Rather than scrap a 9 year old several million dollar investment in pain, Kennywood decided to do the sensible thing… and just replace half of it.  Morgan was brought in to give the ride a total overhaul and turn it into an actual hyper coaster.  In what must have been pretty satisfying, the 4 inversions were torn out… as was everything from about halfway down the 2nd drop.  Figuring the lift and hill were at least decent, Morgan started their track halfway down the big drop.  Because 225ft. just wasn’t good enough, they also upped the drop by 3ft.  Poor Thunderbolt was once again torn apart as new track was laid through in not just one but two locations.  Instead of heading off into pain, the big drop now led to a high banked helix with about 8,000 supports before diving back through Thunderbolt.  Next up were the expected airtime hills.  While other Morgan coasters had very standard, receding segments of hills, it seems somebody might have had a seizure while designing the back end of Phantom’s layout.  Tiny little hills including a ridiculous double down provide massive amounts of airtime.  Despite the length being increased to 3200ft., there’s not much in the way of hills, but what’s there is certainly strong.  In continuing with Kennywood’s efforts of being cheap (or wanting to recycle, your choice), they reused the old Arrow train chassis.  Removing the over the shoulder restraints (to a collective cheer from the enthusiast community), Morgan created a new lap bar that operated from the side so they could reuse the mechanism from the old Arrow trains.  With a repaint and a rebranding as Phantom’s Revenge, it was ready to go.

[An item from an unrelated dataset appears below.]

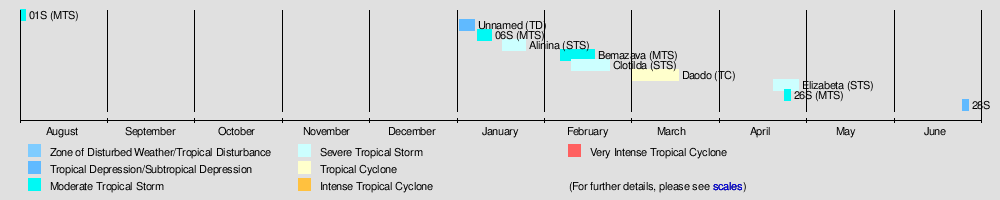 | Elizabeta | April 20 – 29 | Severe Tropical Storm | 95 km/h (60 mph) | 976 hPa (28.82 inHg) | Madagascar | None | None | |
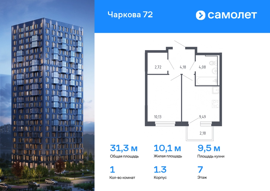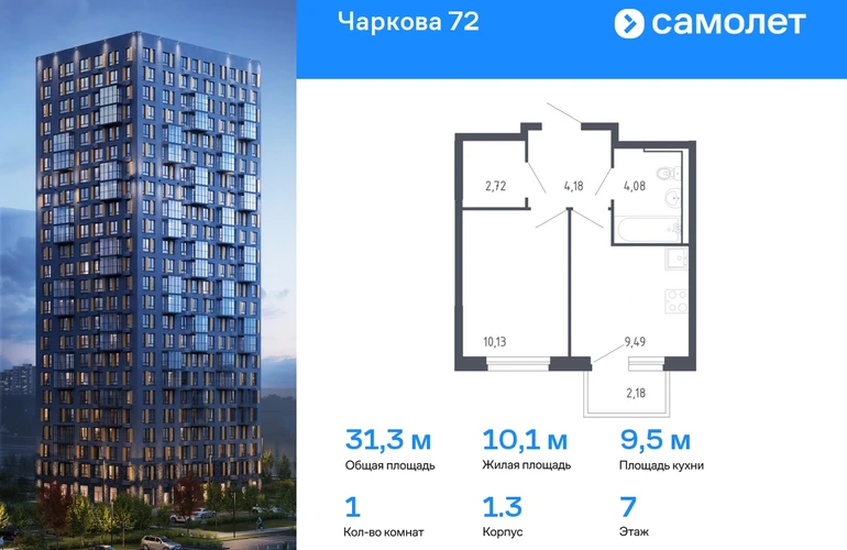 Строим кварталы для жизни с заботой о будущем. Предлагается 1-комнатная квартира комфорт-класса 31,25 кв.м в корпусе 1.3 на 7 этаже, в ЖК «Чаркова 72» Квартира с предчистовой отделкой. Доступность дополнительных опций уточняйте у застройщика. Приобрести квартиру возможно по специальным акциям от застройщика, с текущими условиями акций можно ознакомиться в блоке «Акций». Цена динамическая и может отличаться, уточняйте актуальность у застройщика. Идеальное сочетание городского комфорта и размеренной жизни — квартал «Чаркова 72» на северо-востоке города. В дизайне 17-24-этажных домов с панорамными балконами нашли отражение нотки сибирской природы. От «Чаркова 72» удобно добираться до центра города — всего 17 минут пути. А в 2 минутах от дома находится Тобольский тракт. Для семейного отдыха отлично подойдет парк Гагарина — он находится в 7 минутах от квартала. В закрытых дворах тихо и уютно — все авто остались на одном из 4 многоуровневых паркингов, которые находятся за территорией квартала. Можно спокойно гулять по бульвару и заниматься йогой на спортивной площадке. На первых этажах домов — кафе и магазины. Рядом с проектом — детские сады и школы, городская поликлиника и МФЦ. Во всех квартирах есть выводы под кондиционеры, на подземных этажах — индивидуальные кладовые, на первых — места для хранения велосипедов и колясок. В квартирах можно выбрать варианты отделки: чистовая, черновая и улучшенная из материалов повышенного класса.#yan19-2r1775628#О застройщике

It was probably a pretty big surprise for everybody when on the first test runs, the coaster slid right through the brakes and into the station (reportedly anyways).  When you can’t have a longer brake run, it appears you just make part of the course into one.   Trim brakes sit on the 2nd to last and last hill on the course to scrub off some of the huge amount of speed the ride has on the way back to the station.  Thankfully, it seems the ride actually stops now.  It’s also quite popular with general guests and even enthusiasts (ranked 25th in the most recent steel coaster poll).  While it would be awesome to see them edit the coaster again in a few years to make it longer or something (or maybe reinsert inversions just to confuse the heck out of people), it seems Kennywood got it right the 2nd time around.